IV. Data Preprocessing

In the data preprocessing part, we want to make our data set into a desired form and more usable. Most of this part's works are finished by using nltk packages.

First of all, we lowercase all the texts because it is case sensitive. Lowercasing can help us maintain the consistency flow when doing NLP. Since there might exists more than one sentences in a tweets, we need to tokenize the tweets texts into sentence first. Then, we may continue to tokenizing the sentences into words, which is the most common tokens. The tokenization step is helpful in understanding the texts and developing the models for NLP.

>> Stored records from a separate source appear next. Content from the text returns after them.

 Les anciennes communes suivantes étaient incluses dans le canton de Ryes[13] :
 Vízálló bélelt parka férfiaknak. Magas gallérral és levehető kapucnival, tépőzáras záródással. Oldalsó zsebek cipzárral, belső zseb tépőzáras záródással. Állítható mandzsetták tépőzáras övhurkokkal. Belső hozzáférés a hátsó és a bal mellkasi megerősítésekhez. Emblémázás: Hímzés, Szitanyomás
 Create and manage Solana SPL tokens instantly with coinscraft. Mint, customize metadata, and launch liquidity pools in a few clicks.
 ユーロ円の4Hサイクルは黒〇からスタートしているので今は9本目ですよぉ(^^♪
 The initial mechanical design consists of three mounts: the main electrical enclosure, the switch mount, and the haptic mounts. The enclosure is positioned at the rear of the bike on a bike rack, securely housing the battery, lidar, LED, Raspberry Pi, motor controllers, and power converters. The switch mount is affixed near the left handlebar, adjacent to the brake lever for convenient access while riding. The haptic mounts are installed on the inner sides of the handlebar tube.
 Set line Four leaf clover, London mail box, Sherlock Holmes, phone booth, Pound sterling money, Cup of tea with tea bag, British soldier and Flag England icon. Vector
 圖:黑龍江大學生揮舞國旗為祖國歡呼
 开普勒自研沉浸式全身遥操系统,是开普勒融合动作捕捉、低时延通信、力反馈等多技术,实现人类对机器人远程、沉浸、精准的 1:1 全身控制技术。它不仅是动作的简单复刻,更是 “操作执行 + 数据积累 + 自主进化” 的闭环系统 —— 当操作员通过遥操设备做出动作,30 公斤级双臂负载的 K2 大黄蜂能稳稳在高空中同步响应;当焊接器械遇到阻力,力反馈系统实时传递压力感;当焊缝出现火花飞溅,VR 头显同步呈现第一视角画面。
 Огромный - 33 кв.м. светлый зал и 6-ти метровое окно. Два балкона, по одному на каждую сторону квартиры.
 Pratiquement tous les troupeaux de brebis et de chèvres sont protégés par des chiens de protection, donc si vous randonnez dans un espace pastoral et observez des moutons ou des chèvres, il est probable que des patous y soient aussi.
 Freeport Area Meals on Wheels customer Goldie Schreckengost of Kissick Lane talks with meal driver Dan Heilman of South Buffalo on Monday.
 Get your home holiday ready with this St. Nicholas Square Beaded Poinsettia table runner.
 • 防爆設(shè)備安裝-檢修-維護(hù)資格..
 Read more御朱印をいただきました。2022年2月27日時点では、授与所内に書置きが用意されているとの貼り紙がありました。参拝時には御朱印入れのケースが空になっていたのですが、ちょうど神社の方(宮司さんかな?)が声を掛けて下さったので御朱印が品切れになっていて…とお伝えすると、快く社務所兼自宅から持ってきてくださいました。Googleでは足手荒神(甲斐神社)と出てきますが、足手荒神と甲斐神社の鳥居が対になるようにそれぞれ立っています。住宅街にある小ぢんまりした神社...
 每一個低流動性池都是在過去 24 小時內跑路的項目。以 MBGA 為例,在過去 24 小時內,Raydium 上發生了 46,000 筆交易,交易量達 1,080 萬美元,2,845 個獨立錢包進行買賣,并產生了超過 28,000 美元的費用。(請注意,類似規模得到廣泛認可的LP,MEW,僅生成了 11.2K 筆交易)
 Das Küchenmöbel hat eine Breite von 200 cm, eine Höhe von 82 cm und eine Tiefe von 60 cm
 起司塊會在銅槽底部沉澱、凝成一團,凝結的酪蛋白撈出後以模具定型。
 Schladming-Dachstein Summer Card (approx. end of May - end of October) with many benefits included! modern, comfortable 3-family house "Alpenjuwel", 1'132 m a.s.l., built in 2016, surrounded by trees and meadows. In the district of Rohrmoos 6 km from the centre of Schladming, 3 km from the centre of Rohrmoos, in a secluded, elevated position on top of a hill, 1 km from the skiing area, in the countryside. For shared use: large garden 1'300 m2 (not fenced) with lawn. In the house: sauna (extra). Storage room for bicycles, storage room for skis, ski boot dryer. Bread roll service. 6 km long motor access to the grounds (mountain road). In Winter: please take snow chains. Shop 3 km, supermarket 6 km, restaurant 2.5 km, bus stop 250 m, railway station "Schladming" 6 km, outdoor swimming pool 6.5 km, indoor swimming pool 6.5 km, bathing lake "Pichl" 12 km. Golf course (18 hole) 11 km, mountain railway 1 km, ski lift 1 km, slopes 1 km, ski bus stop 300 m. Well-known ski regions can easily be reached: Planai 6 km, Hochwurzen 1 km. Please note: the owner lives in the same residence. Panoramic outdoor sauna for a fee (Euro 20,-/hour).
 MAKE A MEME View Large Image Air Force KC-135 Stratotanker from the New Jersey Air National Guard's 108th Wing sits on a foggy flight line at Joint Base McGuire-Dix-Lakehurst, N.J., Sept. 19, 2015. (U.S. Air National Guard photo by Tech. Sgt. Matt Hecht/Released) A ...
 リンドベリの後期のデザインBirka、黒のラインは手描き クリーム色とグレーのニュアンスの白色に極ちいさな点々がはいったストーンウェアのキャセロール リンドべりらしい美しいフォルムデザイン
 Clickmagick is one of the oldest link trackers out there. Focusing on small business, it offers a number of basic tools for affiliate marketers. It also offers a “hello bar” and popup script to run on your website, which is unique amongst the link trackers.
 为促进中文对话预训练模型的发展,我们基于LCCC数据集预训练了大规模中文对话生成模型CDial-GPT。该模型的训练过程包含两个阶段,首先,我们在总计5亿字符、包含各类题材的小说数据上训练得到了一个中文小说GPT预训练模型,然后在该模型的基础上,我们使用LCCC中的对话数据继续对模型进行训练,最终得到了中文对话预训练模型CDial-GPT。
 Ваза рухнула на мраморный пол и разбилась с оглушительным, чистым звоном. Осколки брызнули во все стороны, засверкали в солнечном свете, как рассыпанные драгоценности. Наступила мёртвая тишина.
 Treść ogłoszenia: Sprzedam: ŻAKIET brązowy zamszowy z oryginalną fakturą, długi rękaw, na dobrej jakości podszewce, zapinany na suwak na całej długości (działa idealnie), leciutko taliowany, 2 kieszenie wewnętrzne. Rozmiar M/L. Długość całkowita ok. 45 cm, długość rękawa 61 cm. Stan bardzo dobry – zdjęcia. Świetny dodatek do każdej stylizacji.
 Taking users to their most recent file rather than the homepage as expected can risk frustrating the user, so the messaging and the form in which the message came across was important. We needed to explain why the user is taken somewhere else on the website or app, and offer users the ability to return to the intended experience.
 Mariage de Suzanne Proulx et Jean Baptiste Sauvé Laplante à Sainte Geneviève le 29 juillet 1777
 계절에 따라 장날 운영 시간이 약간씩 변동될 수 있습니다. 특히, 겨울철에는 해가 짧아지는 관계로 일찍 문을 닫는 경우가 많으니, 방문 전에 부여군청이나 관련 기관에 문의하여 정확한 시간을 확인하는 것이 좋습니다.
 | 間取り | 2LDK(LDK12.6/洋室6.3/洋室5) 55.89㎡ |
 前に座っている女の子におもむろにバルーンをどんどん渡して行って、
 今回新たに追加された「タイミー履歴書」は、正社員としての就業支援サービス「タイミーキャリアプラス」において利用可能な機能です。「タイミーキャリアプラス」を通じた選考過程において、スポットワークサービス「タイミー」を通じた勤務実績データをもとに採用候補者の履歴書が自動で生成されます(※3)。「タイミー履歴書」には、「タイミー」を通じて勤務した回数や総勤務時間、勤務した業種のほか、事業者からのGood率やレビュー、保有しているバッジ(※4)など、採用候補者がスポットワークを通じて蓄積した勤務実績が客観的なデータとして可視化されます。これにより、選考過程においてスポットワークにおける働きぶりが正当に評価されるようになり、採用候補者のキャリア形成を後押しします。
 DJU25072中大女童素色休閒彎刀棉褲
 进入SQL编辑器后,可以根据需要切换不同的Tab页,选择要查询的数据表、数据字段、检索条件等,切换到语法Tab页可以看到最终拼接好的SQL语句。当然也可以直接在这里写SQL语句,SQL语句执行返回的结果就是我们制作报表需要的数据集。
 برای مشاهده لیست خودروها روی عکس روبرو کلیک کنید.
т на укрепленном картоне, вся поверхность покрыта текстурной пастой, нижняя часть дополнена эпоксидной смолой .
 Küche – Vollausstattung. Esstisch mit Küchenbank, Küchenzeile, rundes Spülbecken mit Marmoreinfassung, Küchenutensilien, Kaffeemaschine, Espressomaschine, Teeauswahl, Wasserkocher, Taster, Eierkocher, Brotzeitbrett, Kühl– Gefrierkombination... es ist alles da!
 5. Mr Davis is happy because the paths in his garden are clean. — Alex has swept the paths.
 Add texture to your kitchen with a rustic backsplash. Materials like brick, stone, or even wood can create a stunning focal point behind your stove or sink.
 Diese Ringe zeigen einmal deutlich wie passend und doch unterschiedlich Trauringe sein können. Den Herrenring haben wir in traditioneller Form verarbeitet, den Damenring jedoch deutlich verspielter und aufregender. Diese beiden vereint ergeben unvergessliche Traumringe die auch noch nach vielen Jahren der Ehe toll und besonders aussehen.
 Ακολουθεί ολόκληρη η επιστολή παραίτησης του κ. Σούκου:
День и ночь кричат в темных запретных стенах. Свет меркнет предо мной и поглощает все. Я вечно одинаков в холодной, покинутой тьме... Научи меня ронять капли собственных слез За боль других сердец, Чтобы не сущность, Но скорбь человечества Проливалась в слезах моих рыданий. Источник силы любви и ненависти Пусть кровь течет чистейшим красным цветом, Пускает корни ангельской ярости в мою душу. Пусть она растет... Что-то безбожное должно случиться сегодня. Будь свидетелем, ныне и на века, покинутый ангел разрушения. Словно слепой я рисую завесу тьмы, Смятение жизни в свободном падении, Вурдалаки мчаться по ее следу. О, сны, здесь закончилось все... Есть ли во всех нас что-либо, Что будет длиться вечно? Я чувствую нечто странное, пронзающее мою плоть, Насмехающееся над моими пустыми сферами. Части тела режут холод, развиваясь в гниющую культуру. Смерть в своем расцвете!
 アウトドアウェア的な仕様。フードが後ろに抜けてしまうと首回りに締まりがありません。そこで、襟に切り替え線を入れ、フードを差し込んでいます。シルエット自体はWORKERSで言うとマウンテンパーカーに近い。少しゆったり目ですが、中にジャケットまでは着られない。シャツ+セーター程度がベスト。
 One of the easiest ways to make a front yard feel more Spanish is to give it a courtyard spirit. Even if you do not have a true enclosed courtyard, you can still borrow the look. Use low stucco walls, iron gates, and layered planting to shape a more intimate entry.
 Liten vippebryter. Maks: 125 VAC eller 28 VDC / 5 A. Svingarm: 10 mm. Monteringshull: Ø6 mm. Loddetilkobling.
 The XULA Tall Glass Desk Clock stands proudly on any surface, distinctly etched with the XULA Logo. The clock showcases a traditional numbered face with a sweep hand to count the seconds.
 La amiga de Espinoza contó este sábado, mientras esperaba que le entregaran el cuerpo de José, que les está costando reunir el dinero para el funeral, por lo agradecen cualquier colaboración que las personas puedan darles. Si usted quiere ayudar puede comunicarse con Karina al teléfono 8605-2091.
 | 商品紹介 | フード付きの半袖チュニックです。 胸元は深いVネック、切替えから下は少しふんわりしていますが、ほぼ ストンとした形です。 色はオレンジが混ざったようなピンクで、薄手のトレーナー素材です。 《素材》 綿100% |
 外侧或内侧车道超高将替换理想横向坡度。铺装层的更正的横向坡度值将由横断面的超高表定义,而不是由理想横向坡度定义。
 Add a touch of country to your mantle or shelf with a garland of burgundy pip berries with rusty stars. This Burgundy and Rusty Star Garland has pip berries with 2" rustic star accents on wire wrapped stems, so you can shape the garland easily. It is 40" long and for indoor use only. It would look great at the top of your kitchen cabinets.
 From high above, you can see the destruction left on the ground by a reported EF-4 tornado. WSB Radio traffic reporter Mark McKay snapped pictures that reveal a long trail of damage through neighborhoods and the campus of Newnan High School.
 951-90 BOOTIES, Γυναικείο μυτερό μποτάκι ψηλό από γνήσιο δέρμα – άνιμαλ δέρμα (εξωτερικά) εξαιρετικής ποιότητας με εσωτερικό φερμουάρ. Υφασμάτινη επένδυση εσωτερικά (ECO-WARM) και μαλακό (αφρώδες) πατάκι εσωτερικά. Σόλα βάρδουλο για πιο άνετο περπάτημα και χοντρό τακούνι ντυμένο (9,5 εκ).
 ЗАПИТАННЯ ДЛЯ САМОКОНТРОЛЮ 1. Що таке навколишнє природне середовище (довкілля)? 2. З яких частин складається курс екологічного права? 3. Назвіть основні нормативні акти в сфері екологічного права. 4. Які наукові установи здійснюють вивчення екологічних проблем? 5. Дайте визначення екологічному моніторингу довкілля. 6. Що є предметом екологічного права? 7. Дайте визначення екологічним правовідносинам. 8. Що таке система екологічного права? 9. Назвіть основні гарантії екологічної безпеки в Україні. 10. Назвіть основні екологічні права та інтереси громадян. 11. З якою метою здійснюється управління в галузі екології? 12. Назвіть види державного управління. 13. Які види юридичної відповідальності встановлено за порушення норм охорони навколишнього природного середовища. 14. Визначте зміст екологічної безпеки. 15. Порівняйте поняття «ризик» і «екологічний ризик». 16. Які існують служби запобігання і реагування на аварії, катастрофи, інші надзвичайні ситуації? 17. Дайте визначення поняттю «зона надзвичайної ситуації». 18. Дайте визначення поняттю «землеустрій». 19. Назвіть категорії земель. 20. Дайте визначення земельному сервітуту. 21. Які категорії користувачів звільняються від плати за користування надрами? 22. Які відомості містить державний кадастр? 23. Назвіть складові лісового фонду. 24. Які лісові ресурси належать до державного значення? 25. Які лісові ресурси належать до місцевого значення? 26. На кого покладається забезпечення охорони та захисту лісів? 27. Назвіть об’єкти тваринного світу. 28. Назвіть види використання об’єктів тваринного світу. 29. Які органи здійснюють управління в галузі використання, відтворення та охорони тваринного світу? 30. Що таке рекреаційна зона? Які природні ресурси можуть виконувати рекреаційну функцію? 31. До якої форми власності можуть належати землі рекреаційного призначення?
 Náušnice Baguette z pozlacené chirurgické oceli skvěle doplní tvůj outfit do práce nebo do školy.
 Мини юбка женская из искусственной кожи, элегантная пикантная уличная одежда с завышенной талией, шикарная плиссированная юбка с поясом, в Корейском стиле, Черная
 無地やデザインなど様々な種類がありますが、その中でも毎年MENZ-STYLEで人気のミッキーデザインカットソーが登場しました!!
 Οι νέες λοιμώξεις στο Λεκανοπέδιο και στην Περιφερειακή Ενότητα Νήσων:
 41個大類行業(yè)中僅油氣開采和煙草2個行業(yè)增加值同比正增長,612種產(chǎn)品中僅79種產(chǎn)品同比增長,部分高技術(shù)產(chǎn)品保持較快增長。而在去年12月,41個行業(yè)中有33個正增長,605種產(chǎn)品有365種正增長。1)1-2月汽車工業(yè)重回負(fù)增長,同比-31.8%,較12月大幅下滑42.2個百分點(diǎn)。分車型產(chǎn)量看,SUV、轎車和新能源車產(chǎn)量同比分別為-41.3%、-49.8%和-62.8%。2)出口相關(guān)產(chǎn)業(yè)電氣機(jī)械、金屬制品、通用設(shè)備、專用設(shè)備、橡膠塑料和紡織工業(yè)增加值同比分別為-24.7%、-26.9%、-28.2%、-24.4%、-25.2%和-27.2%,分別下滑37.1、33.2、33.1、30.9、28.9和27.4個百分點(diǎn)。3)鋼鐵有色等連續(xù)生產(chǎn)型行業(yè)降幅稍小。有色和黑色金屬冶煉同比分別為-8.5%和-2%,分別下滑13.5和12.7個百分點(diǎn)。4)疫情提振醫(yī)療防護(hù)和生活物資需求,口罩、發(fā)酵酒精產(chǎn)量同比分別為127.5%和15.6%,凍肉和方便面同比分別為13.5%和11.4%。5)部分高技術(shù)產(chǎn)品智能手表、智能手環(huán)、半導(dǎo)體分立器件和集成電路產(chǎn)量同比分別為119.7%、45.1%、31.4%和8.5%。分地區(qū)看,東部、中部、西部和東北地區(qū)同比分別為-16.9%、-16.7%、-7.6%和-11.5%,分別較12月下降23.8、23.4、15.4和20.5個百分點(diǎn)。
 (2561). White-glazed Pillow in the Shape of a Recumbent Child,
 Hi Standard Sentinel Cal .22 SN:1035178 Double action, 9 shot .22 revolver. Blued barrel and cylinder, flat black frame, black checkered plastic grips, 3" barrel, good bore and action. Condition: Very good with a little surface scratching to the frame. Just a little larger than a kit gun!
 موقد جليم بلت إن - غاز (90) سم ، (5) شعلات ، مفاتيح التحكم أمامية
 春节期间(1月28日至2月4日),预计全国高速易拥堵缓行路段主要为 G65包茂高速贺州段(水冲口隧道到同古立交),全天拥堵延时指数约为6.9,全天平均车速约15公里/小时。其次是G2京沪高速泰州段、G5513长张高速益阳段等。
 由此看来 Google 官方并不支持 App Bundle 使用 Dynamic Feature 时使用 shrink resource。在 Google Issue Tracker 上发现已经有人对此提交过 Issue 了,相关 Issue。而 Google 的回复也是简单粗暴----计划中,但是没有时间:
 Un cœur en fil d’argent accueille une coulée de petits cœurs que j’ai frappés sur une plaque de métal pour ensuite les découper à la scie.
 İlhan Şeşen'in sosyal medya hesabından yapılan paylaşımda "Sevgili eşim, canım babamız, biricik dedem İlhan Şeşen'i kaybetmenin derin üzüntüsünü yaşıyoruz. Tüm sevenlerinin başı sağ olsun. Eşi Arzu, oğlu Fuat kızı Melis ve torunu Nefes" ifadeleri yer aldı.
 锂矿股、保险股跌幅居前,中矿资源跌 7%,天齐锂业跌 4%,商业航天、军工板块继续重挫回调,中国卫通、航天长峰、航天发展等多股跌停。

After tokenization, we will do the stemming-lemmatization-stopword removal step. This step is very import in helping us removing the noise in the data set. Stemming is the process of reducing a word to its word stem by removing its affixes to suffixes and prefixes. Lemmatization has the similar function like stemming. These two actions are closely related. However, stemming may sometimes return us a non-actual word, while lemmatization can always return us an actural word with same meaning. For example, the word "better" has "good" as its lemma but it will be missed by stemming. The stopword removal step can be useful in removing the words occur commonly in the texts but without any significant or useful meanings.

Import Necessary Packages & Reading Data sets

Lower case
Sentences tokenization
Words tokenization
Stemming - lemma - stopword

After all the data preprocessing steps above, we may get a list of comparably cleaning word tokens.